How to complete this task: Without copying any picture, transcribe exactly the lines of the data below from the one containing "Santa Cruz Skateboards" through the one containing "本作品内容为国潮黄色春节虎年门头边框背景, 格式为 psd, 大小94".

╭─ Records to use

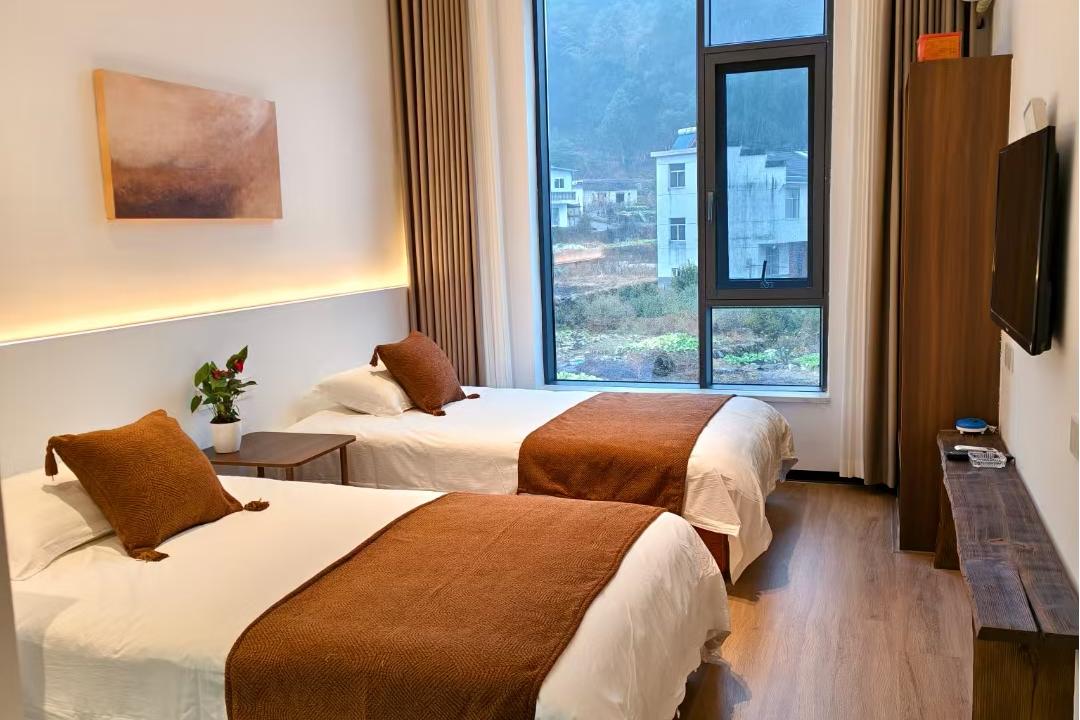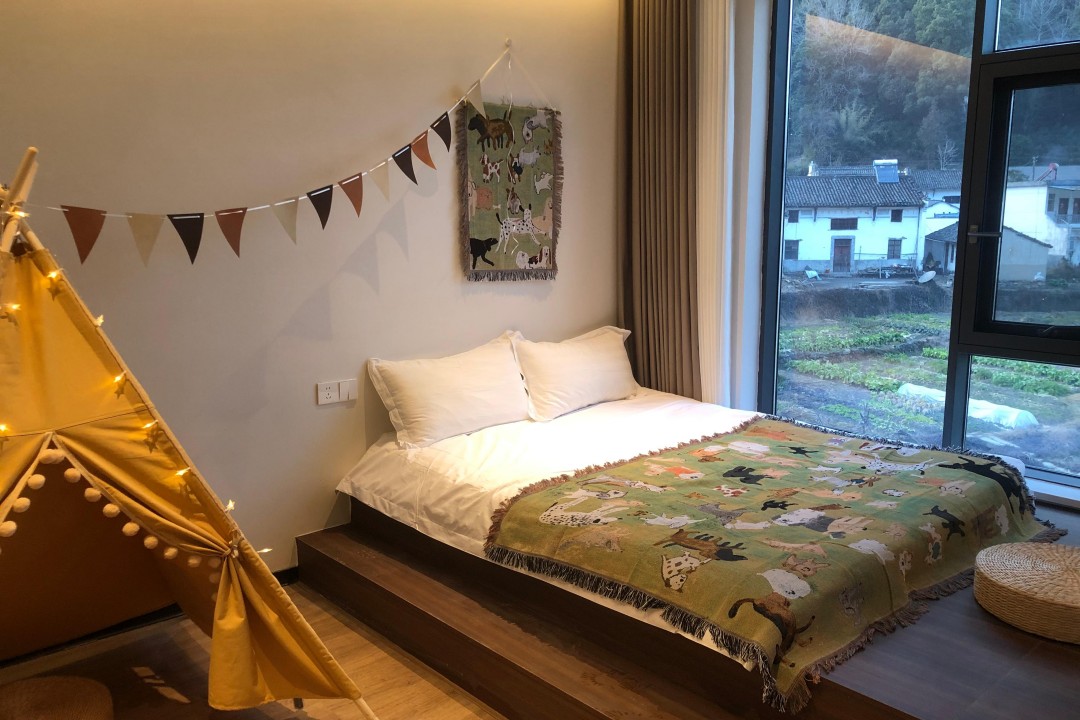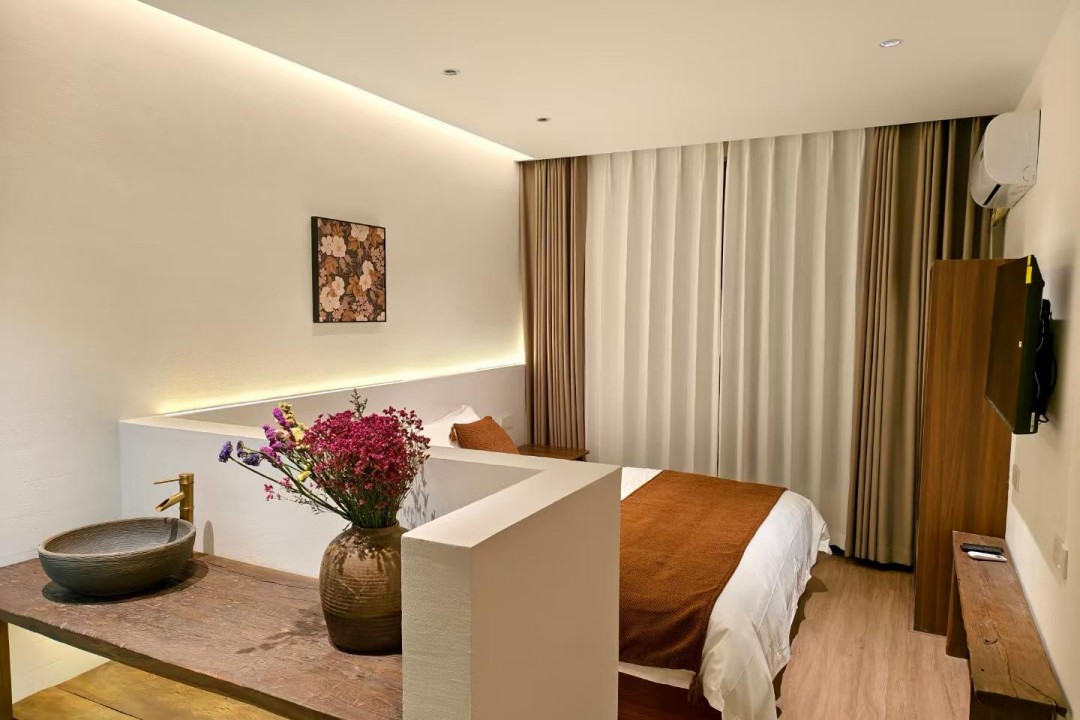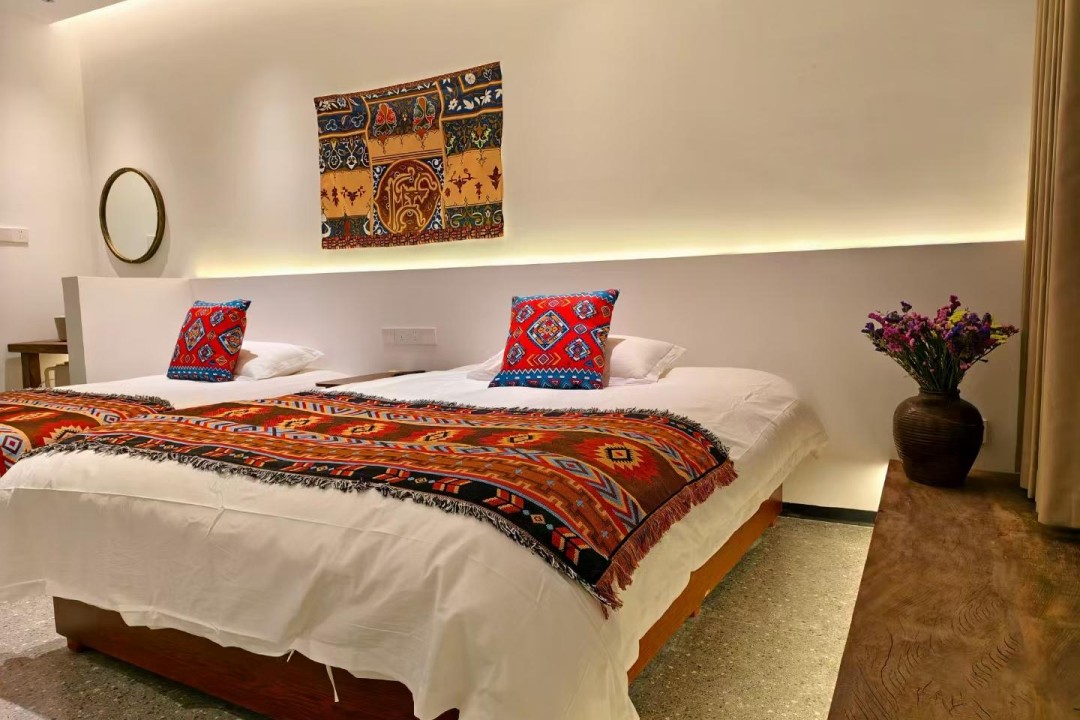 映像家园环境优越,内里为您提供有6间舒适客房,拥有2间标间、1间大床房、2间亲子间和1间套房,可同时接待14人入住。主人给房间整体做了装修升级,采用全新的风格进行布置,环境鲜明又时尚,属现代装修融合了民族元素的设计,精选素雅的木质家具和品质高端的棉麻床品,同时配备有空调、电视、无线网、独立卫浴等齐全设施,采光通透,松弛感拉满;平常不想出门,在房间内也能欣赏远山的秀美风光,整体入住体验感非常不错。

╰─
╭─ Records to use

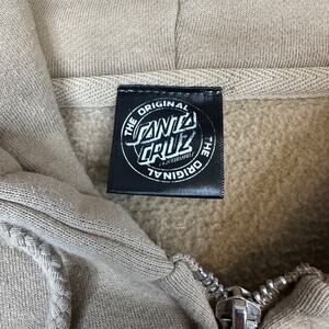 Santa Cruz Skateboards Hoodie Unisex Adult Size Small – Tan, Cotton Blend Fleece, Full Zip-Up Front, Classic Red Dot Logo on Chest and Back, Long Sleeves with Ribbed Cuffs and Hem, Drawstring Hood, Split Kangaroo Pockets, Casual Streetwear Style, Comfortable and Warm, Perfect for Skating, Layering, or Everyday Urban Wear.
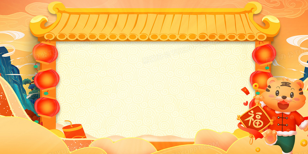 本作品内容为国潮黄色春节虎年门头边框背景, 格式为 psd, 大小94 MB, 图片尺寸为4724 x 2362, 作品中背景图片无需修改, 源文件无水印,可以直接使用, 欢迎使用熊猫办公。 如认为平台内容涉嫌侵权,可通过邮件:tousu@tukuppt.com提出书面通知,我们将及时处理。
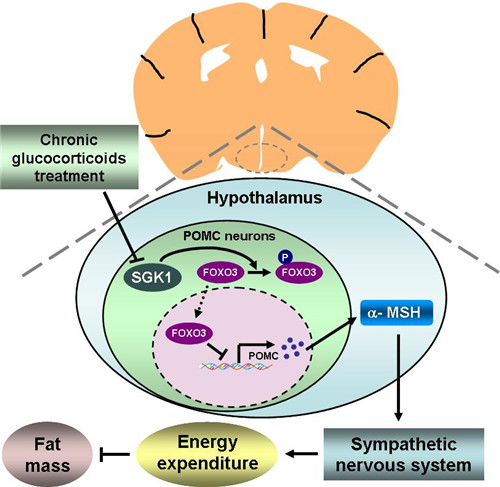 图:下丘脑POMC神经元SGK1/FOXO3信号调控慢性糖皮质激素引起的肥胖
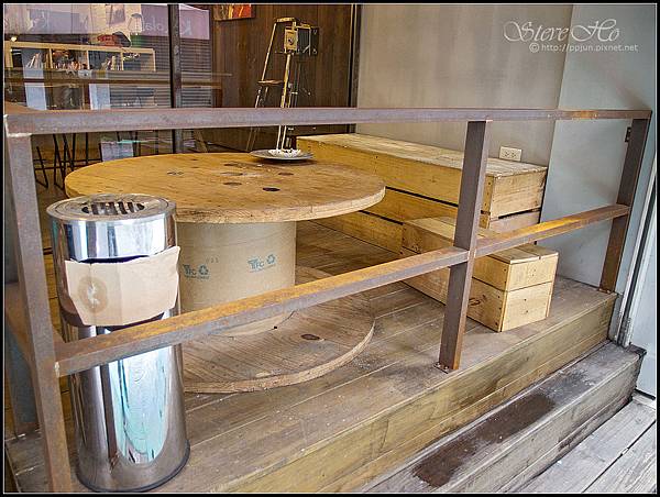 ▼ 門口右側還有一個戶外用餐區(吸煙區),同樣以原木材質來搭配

╰─

Output of the task:
 Santa Cruz Skateboards Hoodie Unisex Adult Size Small – Tan, Cotton Blend Fleece, Full Zip-Up Front, Classic Red Dot Logo on Chest and Back, Long Sleeves with Ribbed Cuffs and Hem, Drawstring Hood, Split Kangaroo Pockets, Casual Streetwear Style, Comfortable and Warm, Perfect for Skating, Layering, or Everyday Urban Wear.
 本作品内容为国潮黄色春节虎年门头边框背景, 格式为 psd, 大小94 MB, 图片尺寸为4724 x 2362, 作品中背景图片无需修改, 源文件无水印,可以直接使用, 欢迎使用熊猫办公。 如认为平台内容涉嫌侵权,可通过邮件:tousu@tukuppt.com提出书面通知,我们将及时处理。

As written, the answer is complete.